La Conferenza informale dei Presidenti dei Parlamenti dell’UE di Bratislava è

stata organizzata su iniziativa del Presidente del National Council della Slovacchia, Andrej Danko, in reazione al risultato del referendum britannico dello scorso giugno.

All’incontro sono stati invitati i Presidenti dei Parlamenti nazionali e del Parlamento europeo. Ad esso parteciperanno il Presidente del Parlamento europeo Martin Schulz e i rappresentanti di 26 Camere di 23 Stati membri.

Scopo dell’incontro è svolgere una discussione aperta ed informale sull’attuale situazione e sul futuro dell’Unione europea, al fine di attribuire ai Parlamenti un ruolo attivo nel dibattito già avviato a livello di Capi di stato e di Governo.

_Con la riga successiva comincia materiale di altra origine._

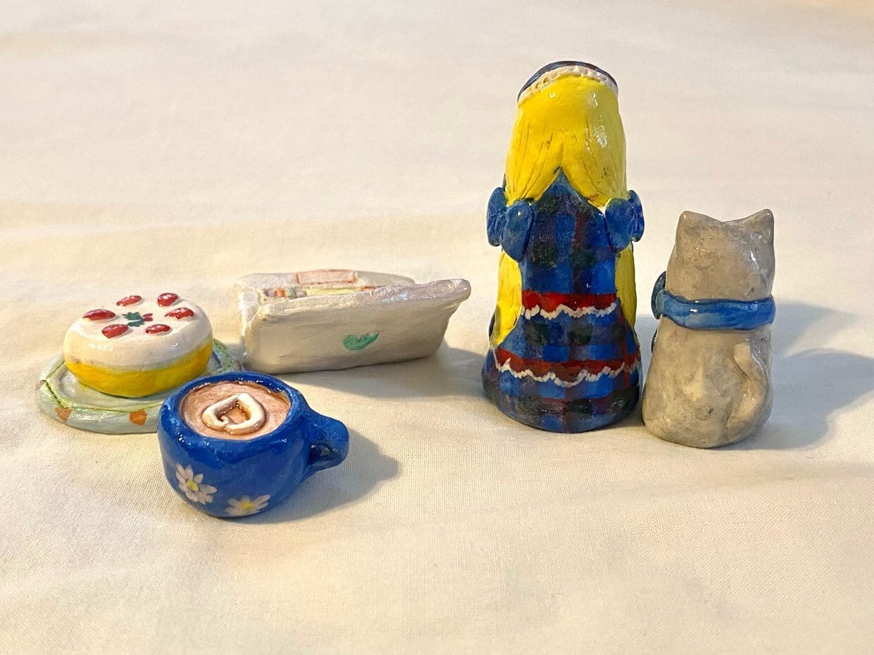 石粉粘土・水彩絵の具・艶出し耐水ニス
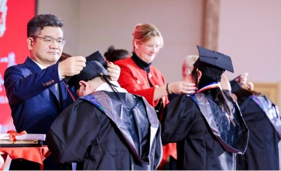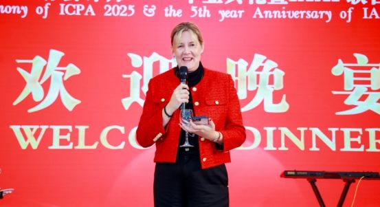 晚宴致辭環節,英國IAB集團首席執行官Sarah Palmer女士登臺舉盞祝酒,她向全體畢業生提出“錨定高遠職業坐標、深耕專業價值領域”的發展期許,致以“前程璀璨、行業建功”的誠摯祝福。在她的倡議下,在場嘉賓與學員共同舉杯,為盛典圓滿舉辦、為行業人才梯隊壯大喝彩。

L’incontro si articolerà in due sessioni: la prima relativa alle sfide attuali dell’UE, e in particolare alle minacce all’unità europea e al superamento del gap tra l’Unione europea e i suoi cittadini; la seconda agli obiettivi futuri, con particolare riferimento al ruolo dei Parlamenti nazionali, alla coesione interna dell’UE e ad un’Europa impegnata sul piano globale.

In ciascuna sessione si svolgeranno interventi introduttivi (per una durata di 4-5 minuti ciascuno) da parte dei Presidenti che abbiano espresso tale intenzione, seguiti da un dibattito strutturato nella forma di una tavola rotonda.

In relazione alla natura informale della Conferenza, il Parlamento slovacco non ha predisposto note di orientamento e l’incontro non sarà registrato. Al termine della Conferenza il Presidente del National Council svolgerà una conferenza stampa.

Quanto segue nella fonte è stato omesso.